«Y penser sans cesse n'éclaircira pas la bergerie.»
Y a-t-il quelqu'un qui n'a jamais entendu ce proverbe au moins une fois ?
— Y a comme un hic, tu ne trouves pas ?
— Y a comme un hic ?
— Y a comme un hic, Quentin !
— Youpi, si tu le dis.
— Y a un lézard dans la bergerie...
— Y a un hic, puis maintenant un lézard dans la bergerie ?
— Y a un lézard dans la bergerie, je t'assure, Quentin !
— Y va falloir que tu m'écoutes attentivement, fiston : fumer, c'est mal !
— Y a comme une taupe dans le poulailler ! Y a comme un rat dans la prairie !
— Y faut que tu te calmes et que tu me dises doucement ce qui t'arrive, petit... Y a des fois où tu me fais peur, tu sais.
— Y a un chat dans le marécage, un lion dans la menuiserie, un éléphanteau dans le magasin de porcelaine, une hyène dans la librairie, un chimpanzé dans le musée, une abeille dans la laverie, un hippocampe dans la mare aux canards...
— Y faut que tu respires. Y a urgence, là !
— Y a comme un hic, le monde ne tourne plus rond, Quentin !
— Y tourne carré le monde, maintenant ?
— Y tourne pas rond, ni carré.
— Y tourne losange, le monde ?
— Y tourne pas losange non plus, et encore moins trapèze...
— Y tournerait pas en étoile par hasard ? Y aurait un peu de poésie dans l'histoire si le monde tournait en étoile.
— Y tourne pas en étoile non plus. Y a quelques fois de bonnes idées chez toi.
— Y a-t-il une infime possibilité pour que le monde se soit tout bonnement arrêté ?
— Y a jamais rien d'impossible dans la vie : c'est l'une des choses que tu m'as apprises au fil des années, Quentin.
— Y a combien de temps que tu n'es pas allé chez un ophtalmologiste, mon cher ami ?
— Y a un an et demi, peut-être un an, six mois, trois semaines et deux jours, ou deux ans tout au plus.
— Y serait temps d'y retourner car les lézards dans les bergeries, ça ne court pas les rues.
— Y paraît qu'il ne faut pas nécessairement voir pour croire, Quentin.
— Y se peut que j'ai dit ça un jour mais ça ne concerne pas les lézards dans les bergeries, je te l'assure !
— Y a pourtant un lézard dans la bergerie.
— Y a comme un hic, j'ai l'impression.
— Yeah, c'est ce que je te dis depuis tout à l'heure : c'est souvent qu'on n'écoute pas ce que je dis, qu'on me prend pour un fou, on me critique et après, on admet progressivement que j'ai raison. Y a pas à dire, si les gens admettaient de suite que je suis quelqu'un de censé, les conversations iraient beaucoup plus vite.
— Y faut dire aussi que les conversations les plus rapides sont les moins savoureuses.
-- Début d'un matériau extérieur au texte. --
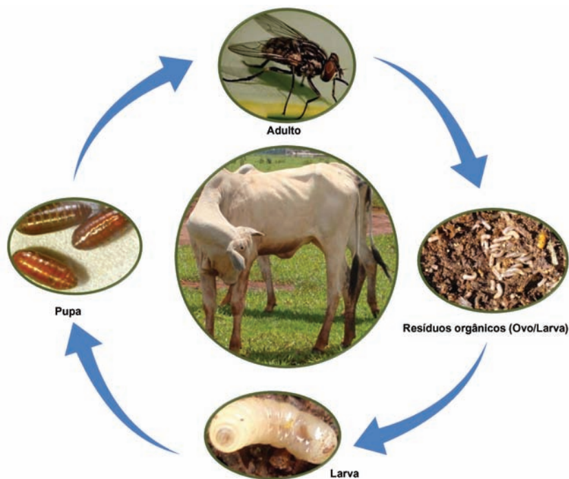
FIGURA 12.1 - Ciclo de vida básico de moscas hematófagas

A mosca-dos-chifres passa quase todo o tempo alimentando-se sobre os bovinos, saindo apenas para colocar seus ovos, que são depositados em fezes frescas de bovinos. Ao contrário da mosca-dos-chifres, a mosca-dos-estábulo passa a maior parte do tempo fora do hospedeiro. Ela só vai até os animais para se alimentar, fica alguns minutos e depois procura um local protegido para repousar. Essa espécie utiliza matéria orgânica preferencialmente em estado de fermentação para se reproduzir (Quadro 12.1).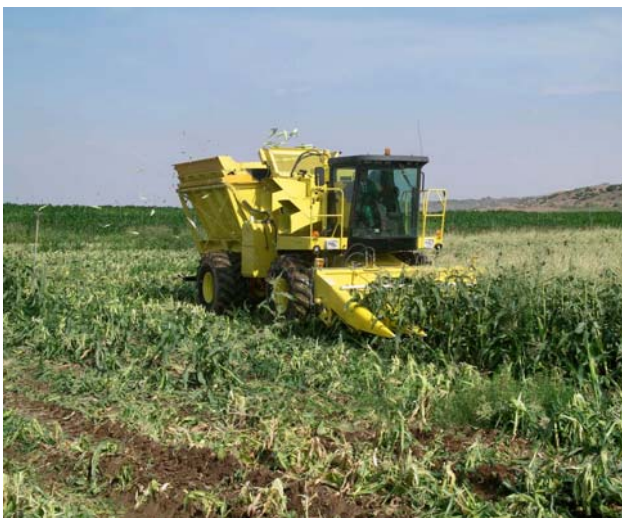
Cosechadora de seis filas.

El maíz dulce está listo para cosecharse aproximadamente 15 a 23 días después de la fecha que emergen al menos 50% de las sedas. Este momento de recolección suele coincidir con: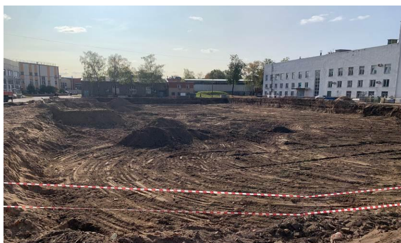
Рис. 2. – Разработка котлована

Перед началом разработки котлована будущего фундамента здания необходимо определить наличие подземных коммуникаций, в случае их наличия предусмотреть их вынос из зоны застройки. Раскопка котлована ведётся до необходимой высотной отметки с сохранением твёрдого тела земли, в случае перекопа необходимо подсыпать только песок и уплотнять до коэффициента 0,98%, процесс разработки котлована ведётся под постоянным геодезическим контролем [5, 6]. В нашем случае в некоторых местах парковка имеет относительную отметку -0,550, поэтому проектное решение выполнялась раскопка котлована (рис. 2).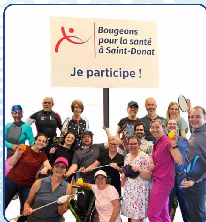
Quelques participants et membres du comité organisateur de Bougeons 2023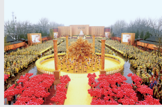
黄帝故里拜祖大典成世界级文化名片

加强文化遗产遗址保护利用,深度挖掘商都文化、嵩山文化、黄帝文化、黄河文化等资源,创新开发根亲文化、儒释道文化、功夫文化,坚持保护和利用相结合,传承与创新相结合,繁荣现代文化,打造城市名片、提升城市品位,不断提升文化全球吸引力、影响力和传播力,建成国际文化大都市和世界华人共同精神家园。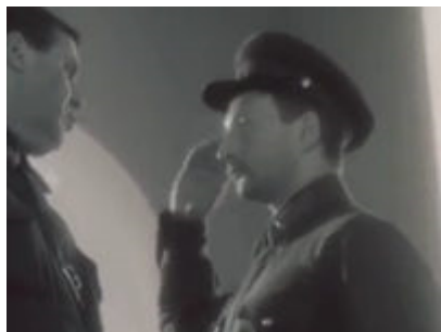
Александр Лобаков-Ливанов в фильме «Враг народа Бухарин», 1991 г.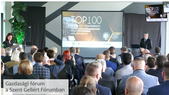
Gazdasági fórum a Szent Gellért Fórumban

– Különös helyzet alakult ki itt, a pandémia árnyékában, hiszen míg az egyik oldalon soha nem látott pályázati lehetőségek nyíltak meg a vállalkozások előtt, ugyanakkor januártól a megemelt minimálbérrel, illetve garantált bérminimummal és persze annak minden továbbgyűrűző hatásával is szembe kell nézniük. Menni fog? ➤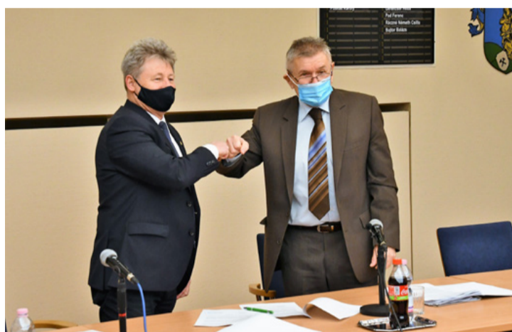
Aláírás után, közös csaták előtt?

2020-ban befizetett vállalati adók összege 1,2 milliárd forinttal marad alatta a tervezettnél. Az ennek kompenzálására csaknem ugyanekkor összegű kiadáscsökkenés vált szükségessé. Voltak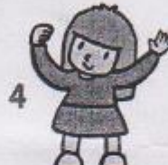
4 hýbat hlavou, rukama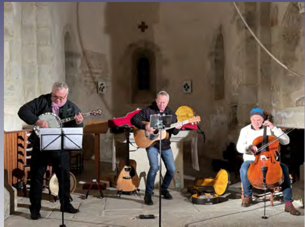
Le Black Velvet à l'église de Saint-Romain-sous-Gourdon

Comme tous les ans, depuis 1998, les musiciens ont enchanté le public. Certains spectateurs viennent tous les ans, à un ou deux concerts. Le Black Velvet Band a trouvé son public. Le festival « Celtique en Voûtes » est devenu l'un des plus anciens festivals en Bourgogne du sud. Il est unique en son genre. Il permet de découvrir ou redécouvrir les églises et chapelles romanes du département de Saône-et-Loire.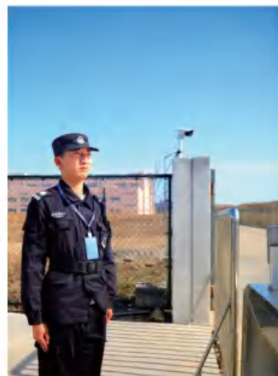
新和成股份黑龙江基地

岁月被奋斗拉长 五月因劳动荣光 这个五月天里 新和成的广大奋斗者 用忠诚与汗水书写责任担当 用微笑和自信面对困难挑战 以开路先锋的昂扬姿态 在平凡的岗位上书写不平凡的业绩 筑就了一道道亮丽的风景线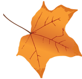
Une feuille orange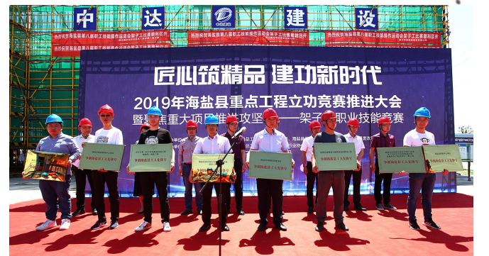
重点工程立功竞赛推进会暨“聚焦重大项目推进攻坚战”架子工职业技能竞赛

和谐稳定的职工队伍对发展新质生产力同样重要，海盐县总工会充分发挥工资集体协商在助力“扩中提低”收入分配重大改革的积极作用，实现全县产改试点单位能级工资集体协商覆盖率100%，在快递、电商、外卖、货运等新业态重点行业领域实现能级工资集体协商全覆盖。五年来，能级工资集体协商覆盖企业329家，惠及职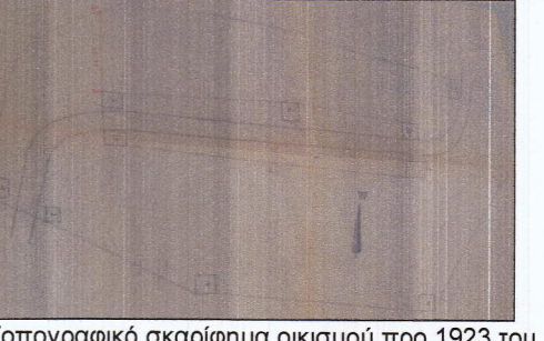
Τοπογραφικό σκαρίφημα οικισμού προ 1923 του 1970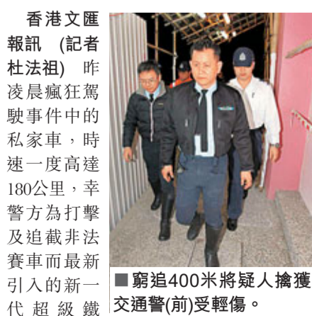
窮追400米將疑人擒獲 交通警(前)受傷。

香港文匯報訊 (記者 杜法祖) 昨凌晨瘋狂駕駛事件中的私家車，時速一度高達180公里，幸警方為打擊及追截非法賽車而最新引入的新一代超級鐵馬，時速可高達240公里，在追逐中一直緊隨，沒有讓疑車逃脫。上月11日，該批超級鐵馬已於荃錦公路一次反非法賽車行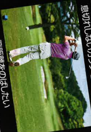
飛距離を伸ばしたい

夫でも大丈夫 飽きやすいあなたでも大丈夫 飽きない秘密がここにある! 詳細は裏面へ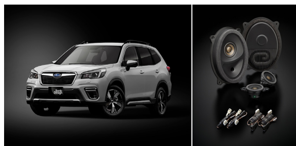
試聴デモカー一例:スバル フォレスター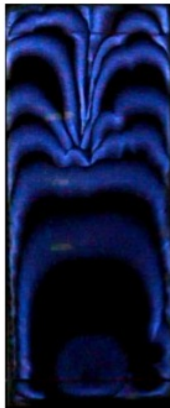
Gambar 2. Pola Rambat Api Campuran Gas Metana-Udara dan N 2 10%

Setelah memproses gambar transparan dengan menggunakan software Adobe Photoshop CS3 maka akan didapatkan gambar bentuk dan pola rambatan api.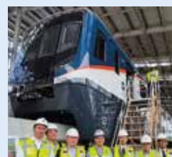
Visita del Presidente de la JICA a las instalaciones ferroviarias

La construcción de la Línea 3 del Metro, financiada por Japón, avanza hacia su inauguración parcial a finales de 2026. Esta línea será la primera de la región centroamericana en utilizar el sistema de monorraíl, y los primeros vagones llegaron a Panamá desde Japón en enero de 2024. A su vez, el Gobierno de Japón a través de JICA, apoya a elaborar planes para estaciones específicas y legislación con el fin de mejorar el acceso a esta línea y promover el uso del Metro.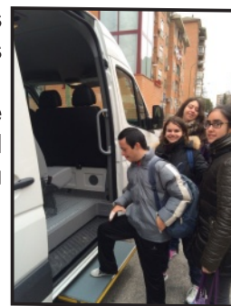
Usuarios usando la Furgoneta

- Conseguir que las personas con discapacidad intelectual con más problemas de movilidad y/o en claro proceso de envejecimiento, participen en actividades comunitarias, externas al Centro Ocupacional.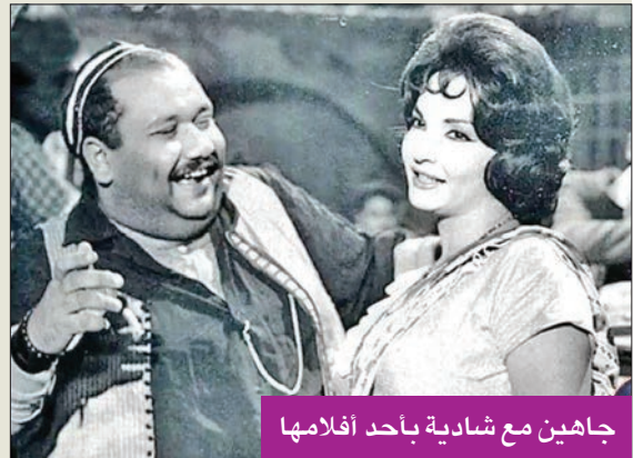
جاهين مع شادية بأحد أفلامها

والطين»، و«رباعيات صلاح جاهين»، كما تجري طباعة باقي الأعمال التي نُفذت في كتب منفردة.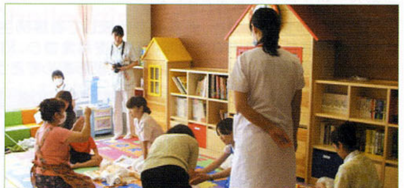
〈救急蘇生法の様子(小児)〉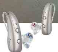
Pure Charge&Go BCT IX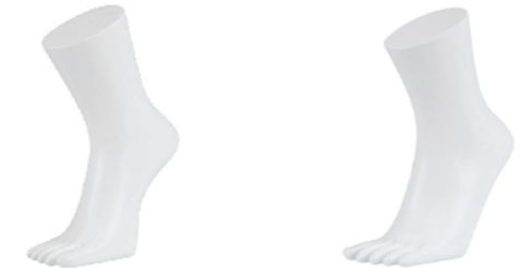
ST7004-R ラッカー(白) 右 高さ 23.5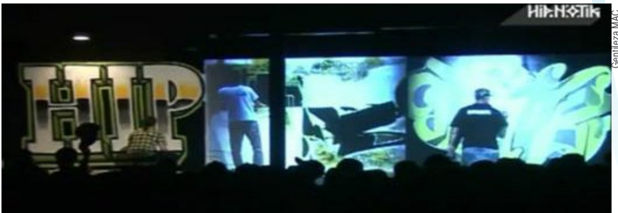
Foros y conferencias en red, interacción de exposiciones, performances y muestras escénicas compartidas podrían formar parte del calendario de Anilla Cultural 2011.

(Brasil) y el Museo de Antioquia en Medellín (Colombia). Además, en Cataluña, España también participan el Gran Teatre del Liceu de Barcelona, el Mercat de les Flors (Centro Nacional de las Artes del Movimiento), la Xarxa Transversal (red cultural de municipios de Cataluña) y el laboratorio ciudadano digital Citilab, los cuales junto al CCCB y a i2Cat dieron vida en 2007 a lo que se conoce como Anilla Catalana, precedente de la experiencia que se está impulsando ahora entre Europa y Latinoamérica. El proyecto es cofinanciado por la Agencia Española de Cooperación Internacional (AECID), y cuenta con la colaboración de RedIRIS y RedCLARA, mediante RNP de Brasil, REUNA de Chile y RENATA de Colombia.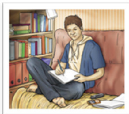
Conectado ao MP3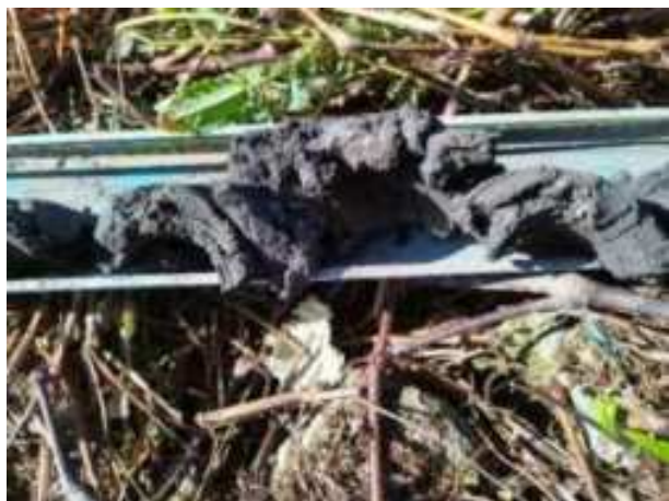
111. ábra: PT27 – 5. részlet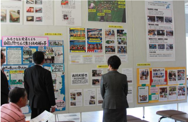
○受賞校の取組紹介展示を見る参観者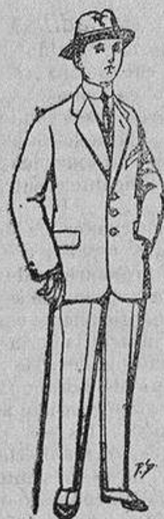
Trajes de paten, vicuña, etc., para niños de 10 a 16 años De 13 a 48 ptas.

— Y a tout plein de philosophie dans ce que tu dis, Quentin.
— Y paraît, oui.
— Y faut que je te dise : il y a comme un lézard dans la bergerie.
— Y a besoin de le répéter à l'infini ?
— Y faut ce qu'il faut pour se débarrasser des lézards dans les bergeries, Quentin.
— Y faut que tu m'expliques ce qui se passe dans ta tête. Y a pas de doute, avec l'âge, ça commence à devenir inquiétant. Y a pas qu'aujourd'hui que tu délires de manière incompréhensible : les lézards dans la bergerie ne sont que le bout pointu de la banquise.
— Y a que le monde ne tourne pas rond, je te dis ! Y a pas quarante-deux façons de le dire mais tu ne comprends pas alors j'essaie d'innover.
— Youpi, j'ai enfin un semblant d'explication !
— Yep.
— Y a un moment, j'ai cru que l'approche de tes quinze ans te montait à la tête. Y a donc un lézard dans la bergerie, qu'est-ce que ça veut dire concrètement ?
— Y a que j'y vois tout flou depuis ce matin, voilà !
— Y a pas à chercher, tu dois aller voir ton ophtalmologiste, vraiment ! Y te faut des lunettes de toute urgence.